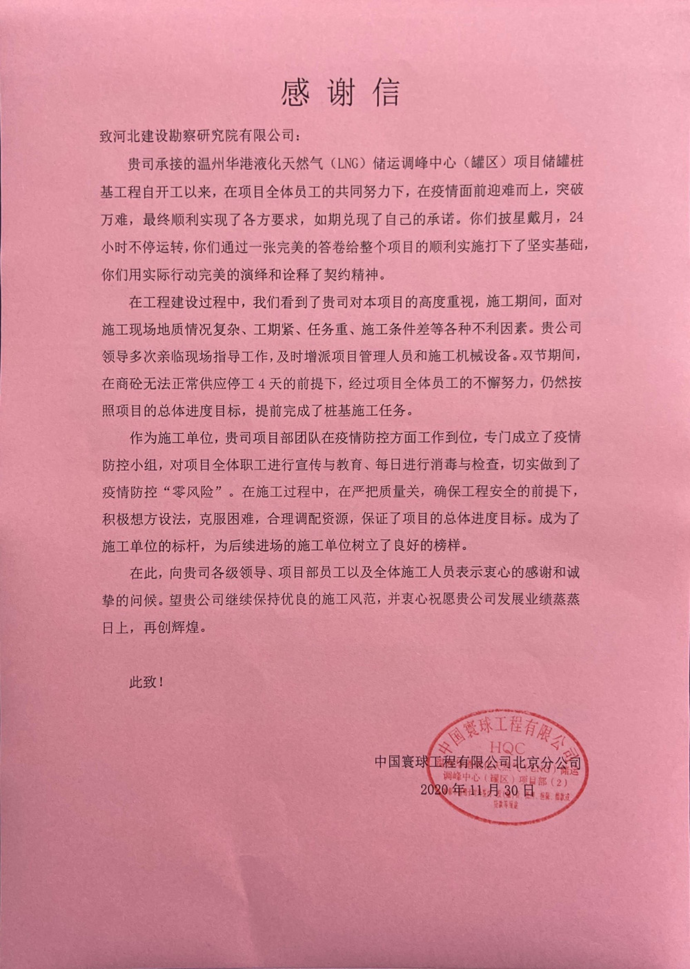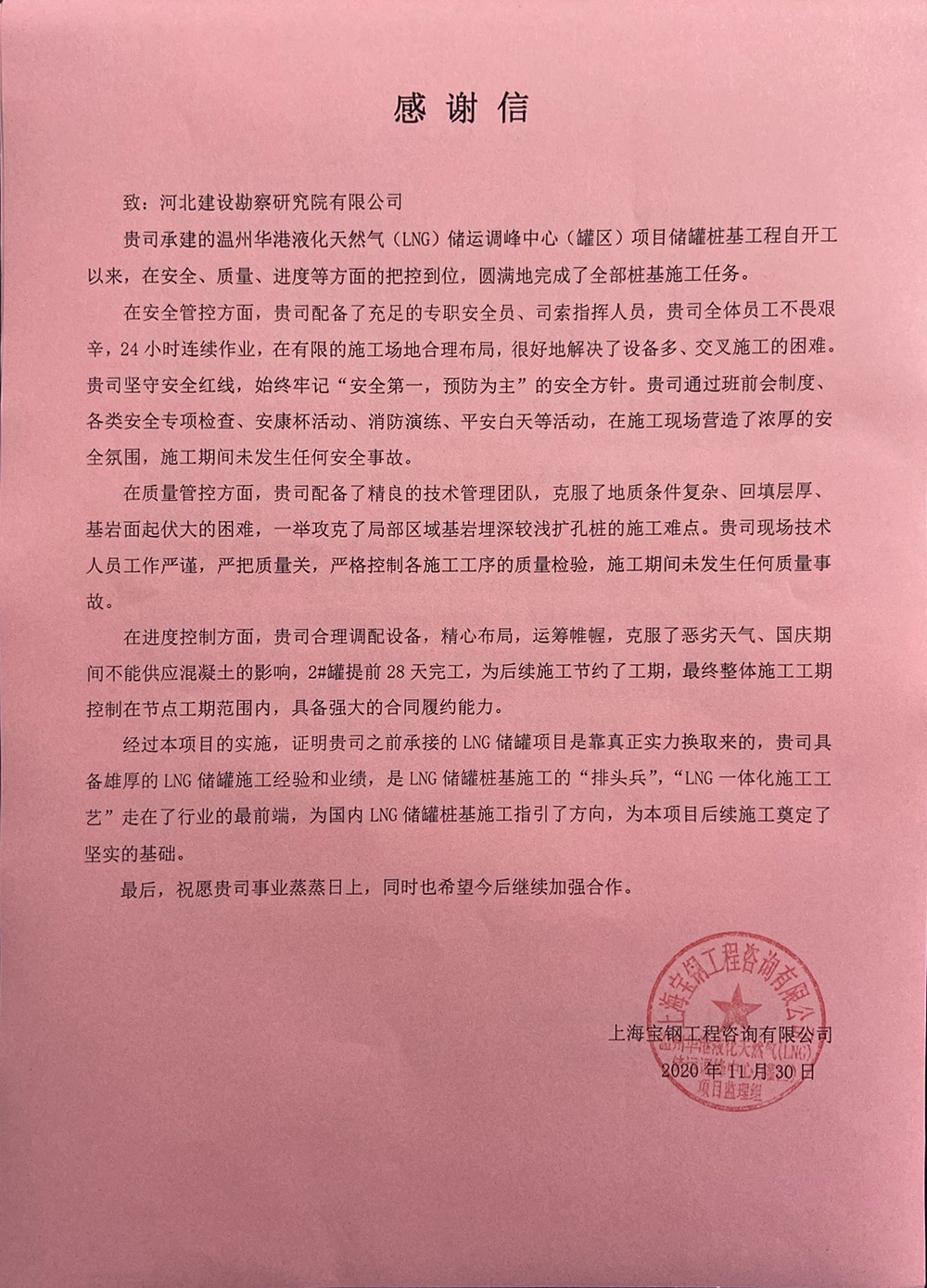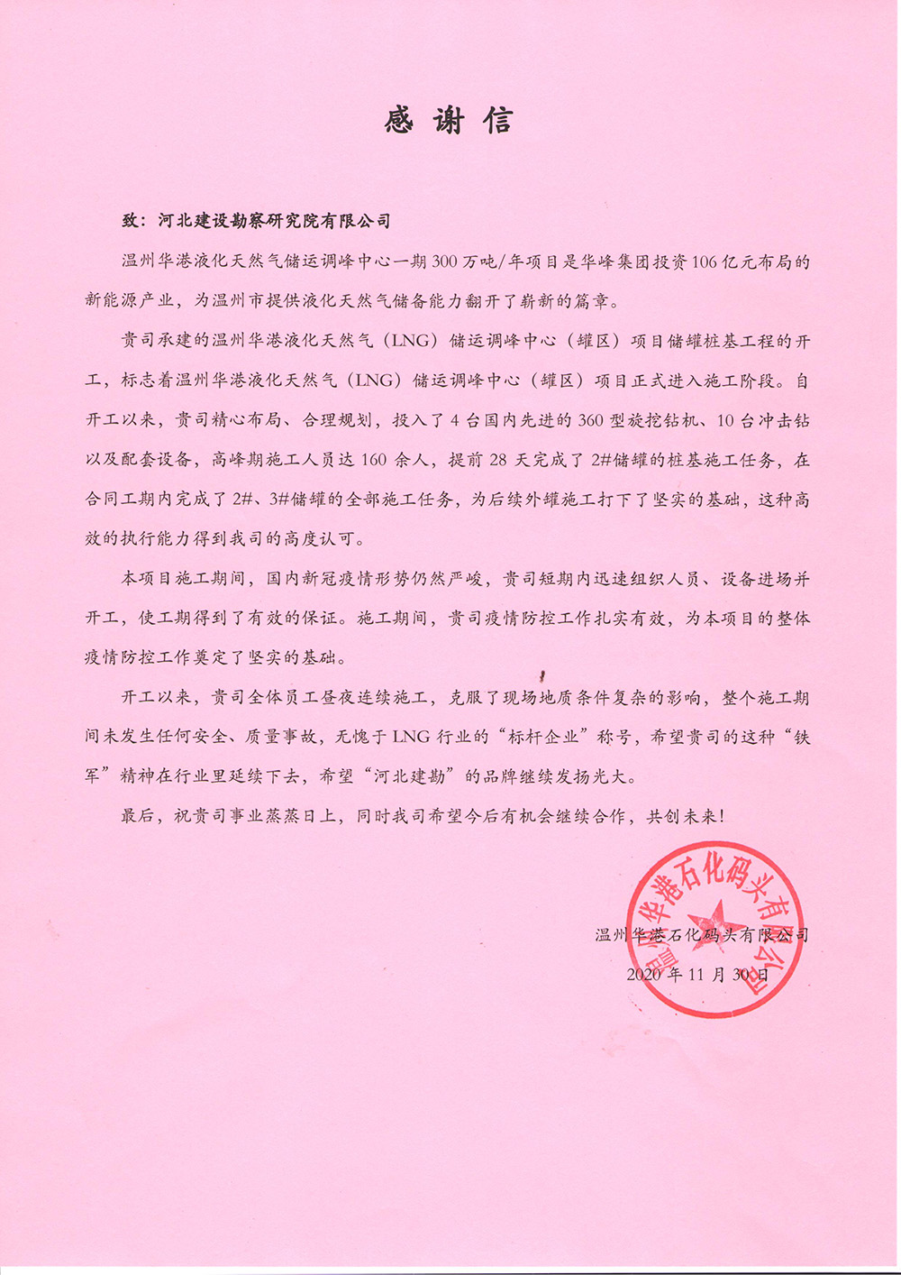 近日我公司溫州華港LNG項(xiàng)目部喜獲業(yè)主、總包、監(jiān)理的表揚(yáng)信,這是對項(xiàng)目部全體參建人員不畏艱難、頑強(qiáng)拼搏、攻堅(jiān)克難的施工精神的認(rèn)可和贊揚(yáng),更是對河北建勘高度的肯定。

▬▬▬▬▬▬▬▬▬▬

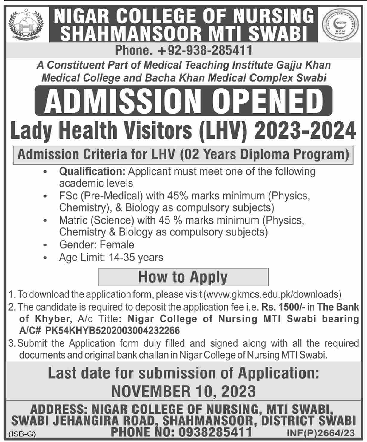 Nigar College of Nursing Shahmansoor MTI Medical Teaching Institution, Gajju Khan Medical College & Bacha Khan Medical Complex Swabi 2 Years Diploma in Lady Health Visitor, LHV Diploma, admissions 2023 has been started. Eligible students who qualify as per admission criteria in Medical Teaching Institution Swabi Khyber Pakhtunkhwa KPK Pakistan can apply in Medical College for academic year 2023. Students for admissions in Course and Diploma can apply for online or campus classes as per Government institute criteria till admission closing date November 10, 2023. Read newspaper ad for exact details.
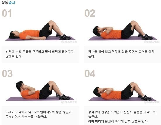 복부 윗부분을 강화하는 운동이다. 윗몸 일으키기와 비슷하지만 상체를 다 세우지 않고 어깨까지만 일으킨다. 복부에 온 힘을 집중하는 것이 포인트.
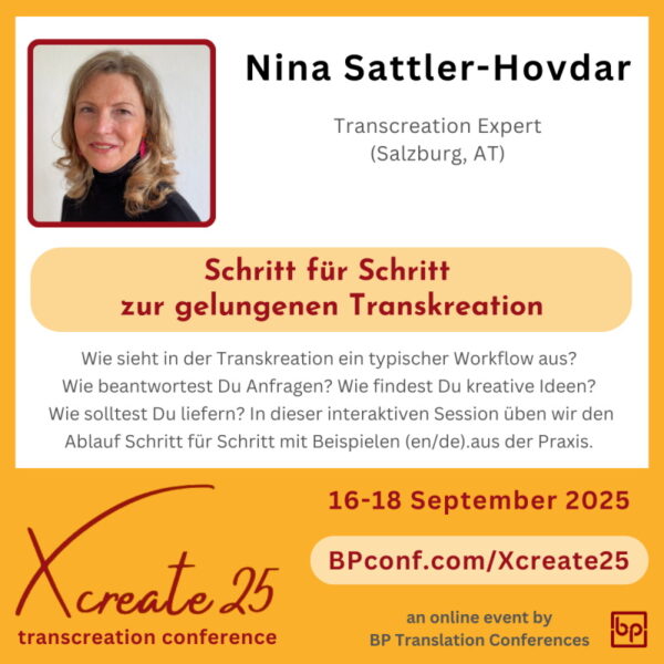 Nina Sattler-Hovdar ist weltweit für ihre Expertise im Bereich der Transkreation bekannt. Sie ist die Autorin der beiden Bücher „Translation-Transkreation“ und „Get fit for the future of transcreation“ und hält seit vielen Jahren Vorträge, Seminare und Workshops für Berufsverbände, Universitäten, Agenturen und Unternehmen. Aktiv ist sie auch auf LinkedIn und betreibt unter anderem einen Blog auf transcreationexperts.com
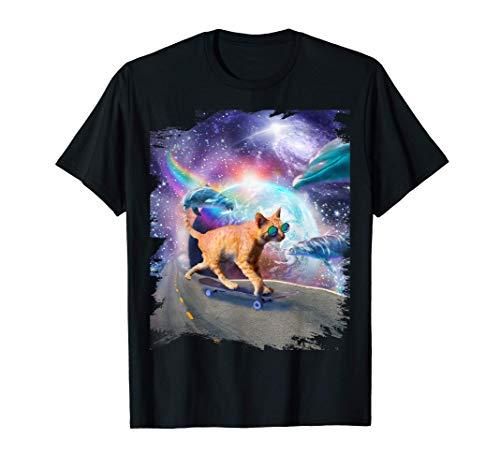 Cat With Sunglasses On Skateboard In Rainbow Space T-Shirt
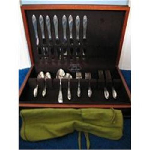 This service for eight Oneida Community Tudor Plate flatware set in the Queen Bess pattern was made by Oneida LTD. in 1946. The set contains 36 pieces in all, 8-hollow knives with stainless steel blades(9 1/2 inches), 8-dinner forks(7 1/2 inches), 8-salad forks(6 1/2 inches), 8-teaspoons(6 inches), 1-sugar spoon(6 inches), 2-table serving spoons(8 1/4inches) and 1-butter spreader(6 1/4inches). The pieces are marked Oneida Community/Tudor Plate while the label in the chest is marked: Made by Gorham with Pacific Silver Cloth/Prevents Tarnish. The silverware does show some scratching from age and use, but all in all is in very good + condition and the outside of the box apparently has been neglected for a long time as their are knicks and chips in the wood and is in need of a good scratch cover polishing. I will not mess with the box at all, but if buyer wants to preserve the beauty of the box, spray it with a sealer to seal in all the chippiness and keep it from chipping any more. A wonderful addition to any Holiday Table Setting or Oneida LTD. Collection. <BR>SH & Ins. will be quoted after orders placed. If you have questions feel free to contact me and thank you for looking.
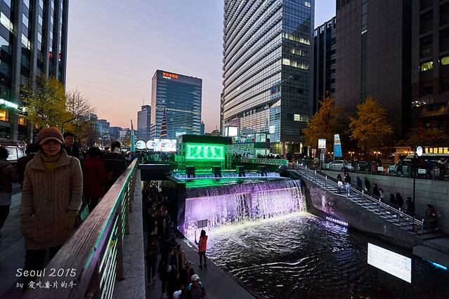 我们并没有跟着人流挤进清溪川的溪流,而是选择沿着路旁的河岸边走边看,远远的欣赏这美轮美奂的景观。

▬▬▬▬▬▬▬▬▬▬

# About this task
With the pictures omitted, copy the entries above exactly from the line containing "This service for" through the line containing "我们并没有跟着人流挤进清溪川", both lines included.

# Answer space
 This service for eight Oneida Community Tudor Plate flatware set in the Queen Bess pattern was made by Oneida LTD. in 1946. The set contains 36 pieces in all, 8-hollow knives with stainless steel blades(9 1/2 inches), 8-dinner forks(7 1/2 inches), 8-salad forks(6 1/2 inches), 8-teaspoons(6 inches), 1-sugar spoon(6 inches), 2-table serving spoons(8 1/4inches) and 1-butter spreader(6 1/4inches). The pieces are marked Oneida Community/Tudor Plate while the label in the chest is marked: Made by Gorham with Pacific Silver Cloth/Prevents Tarnish. The silverware does show some scratching from age and use, but all in all is in very good + condition and the outside of the box apparently has been neglected for a long time as their are knicks and chips in the wood and is in need of a good scratch cover polishing. I will not mess with the box at all, but if buyer wants to preserve the beauty of the box, spray it with a sealer to seal in all the chippiness and keep it from chipping any more. A wonderful addition to any Holiday Table Setting or Oneida LTD. Collection. <BR>SH & Ins. will be quoted after orders placed. If you have questions feel free to contact me and thank you for looking.
 我们并没有跟着人流挤进清溪川的溪流,而是选择沿着路旁的河岸边走边看,远远的欣赏这美轮美奂的景观。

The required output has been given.